Mallikarjun Kharge elected as new Congress president

Mallikarjun Kharge elected as new Congress president

New Delhi - Mallikarjun Kharge won the Congress Presidential elections today, to become the party's first non-Gandhi president in over two decades.

Kharge garnered 7,897 votes out of the total 9,385 votes (with 416 invalid votes). Shashi Tharoor, his opponent, trailed behind with 1,072 votes. 

Kharg, the Gandhi family’s ‘unofficial official candidate’ with a large number of senior leaders backing him, will replace interim Congress chief Sonia Gandhi. Earlier in the day, in what appeared to be a slip of tongue, Congress leader Rahul Gandhi responded to a question referring to Mallikarjun Kharge as the new Congress president.

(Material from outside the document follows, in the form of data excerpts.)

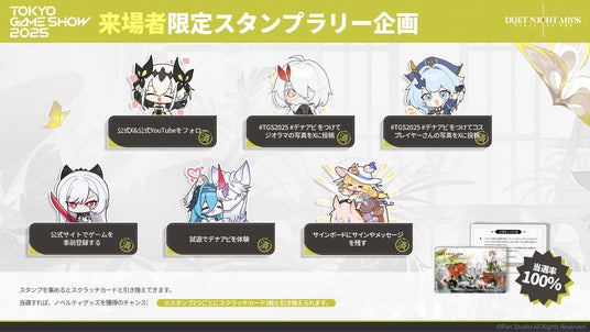さらに、ブース内でスタンプラリーにご参加いただき、すべてての任務を達成すると、ノベルティグッズが100%当たる「スクラッチカード」 に挑戦可能!SNSへの投稿やゲーム試遊など、楽しみながら挑戦できる内容となっています。数量限定のグッズも多数ご用意していますので、ぜひお早めにブースへお越しください!
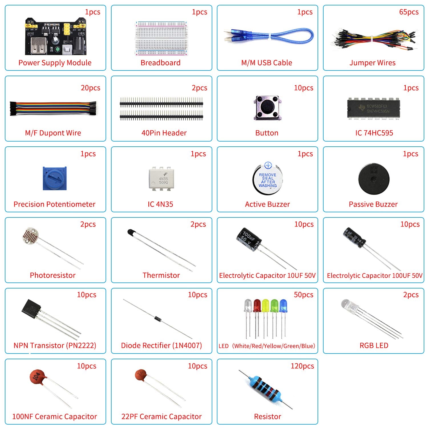 • Highest Cost Components Kit: It comes with more than 300pcs sensors and components for fun and simple electronic projects.
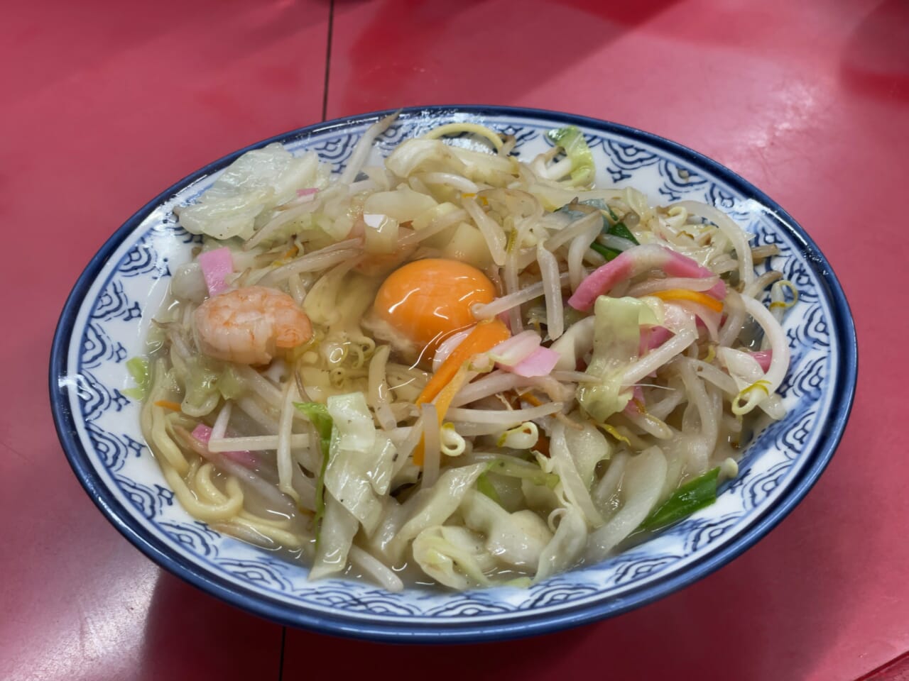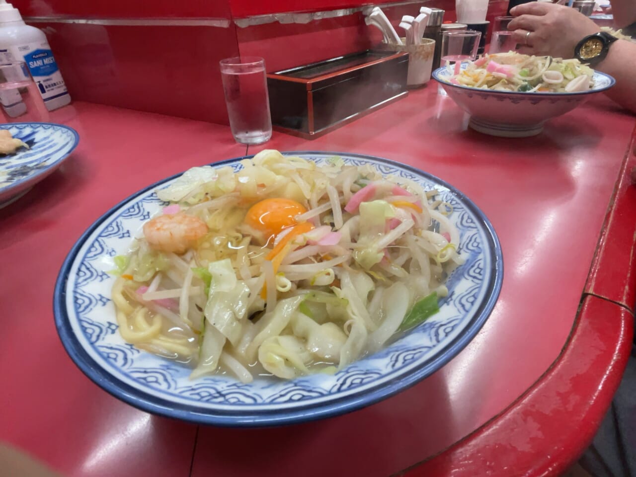 7〜8分後、目の前に料理が置かれる。具材がたっぷりで麺はほとんど見えない。その真ん中に生卵が落とされている。いい感じだ。
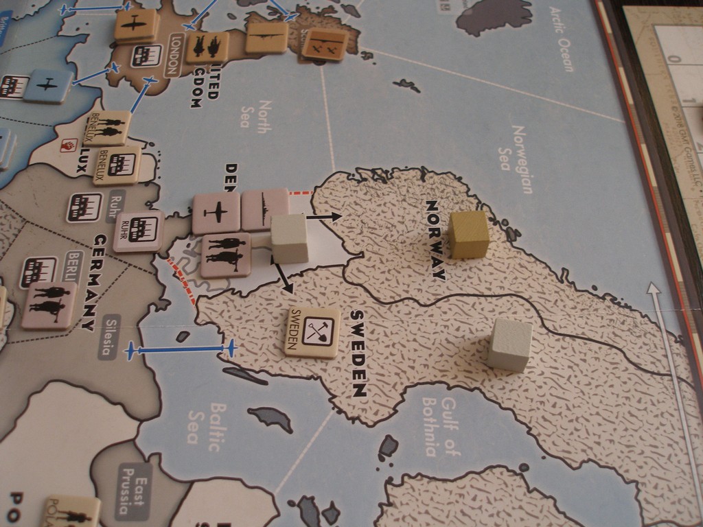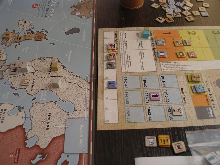 Поскольку мои войска оказались неподалёку от Финляндии, я решил взять под контроль и её. Как показало будущее, это было очень рискованное решение. Дело в том, что в этом сценарии на двоих СССР не участвует в игре, но пассивное влияние на неё оказывает. При попытке захватить любую страну в зоне его интересов игрок получает штрафной красный кубик, за каждый из которых в конце игры он может потерять от 0 до 2 победных очков.
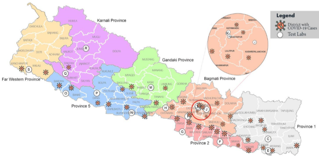 हालसम्म ४७ जिल्लामा कोरोना संक्रमण फैलिएको छ । कोरोनाबाट प्रदेश नम्वर २ अति प्रभावित भएको छ । प्रदेश नम्वर १ को ७ जिल्लामा १०३, प्रदेश नम्वर २ को ८ जिल्लामा ३२४, बागमती प्रदेशका ११ जिल्लामा १३, गण्डकी प्रदेशको ४ जिल्लामा १३, प्रदेश नम्वर ५को ९ जिल्लामा ३६५,कर्णाली प्रदेशको ३ जिल्लामा २५ र सुदुरपश्चिमका ५ जिल्लामा १७ जनालाई कोरोना संक्रमणको पुष्टि भइसकेको छ ।
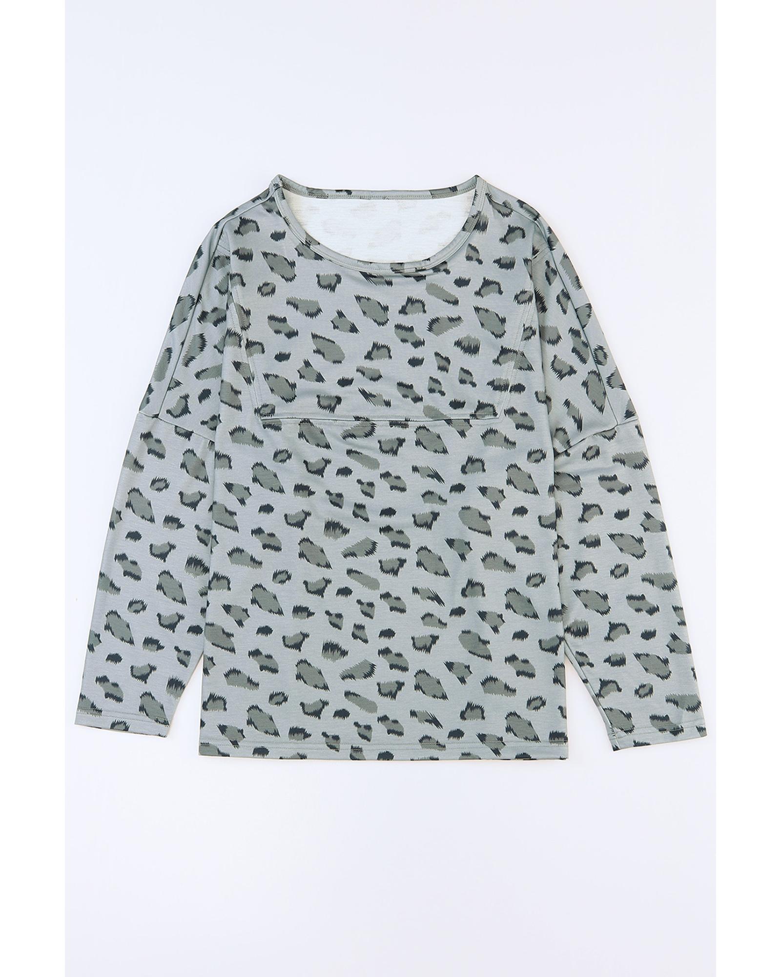 - Animal Print Stitching Loose Long Sleeve Top

This is the sixth time in its nearly 137-year-old history that an electoral contest decided who would take up the position of the Congress party’s president. The contest between the two veteran leaders drew a massive turnout of voters Monday with close to 96 per cent of Pradesh Congress Committee delegates casting their ballot.

Of the 9,915 PCC delegates, 9,497 cast their votes across state capitals, 87 at the AICC headquarters and 50 at the Yatra campsite, said Madhusudan Mistry, who heads the party’s Central Election Authority (CEA).

Shashi Tharoor's team has written to the party's chief election authority, flagging "extremely serious irregularities" in the conduct of the election in Uttar Pradesh and demanded that all votes from the state be deemed invalid, sources said.

Tharoor's campaign team has also raised "serious issues" in the conduct of the election in Punjab and Telangana.

In his letter to Central Election Authority chairman Madhusudan Mistry, Tharoor's chief election agent Salman Soz has said the facts are "damning" and the election process in Uttar Pradesh is "devoid of credibility and integrity", they said.

A member of the Dalit (formerly untouchable) community from the southern state of Karnataka, Kharge has had a long stint in public life. An astute administrator, he has served as minister in several state governments.

In his new role, the 80-year-old veteran will be expected to hit the ground running - the next general elections are due in just a little over 18 months and experts say the Congress party needs reforms to take on Prime Minister Narendra Modi's Bharatiya Janata Party (BJP).

And it will be his job to provide leadership to the party as it faces its worst crisis "structurally, organisationally, and even in terms of ideological leadership".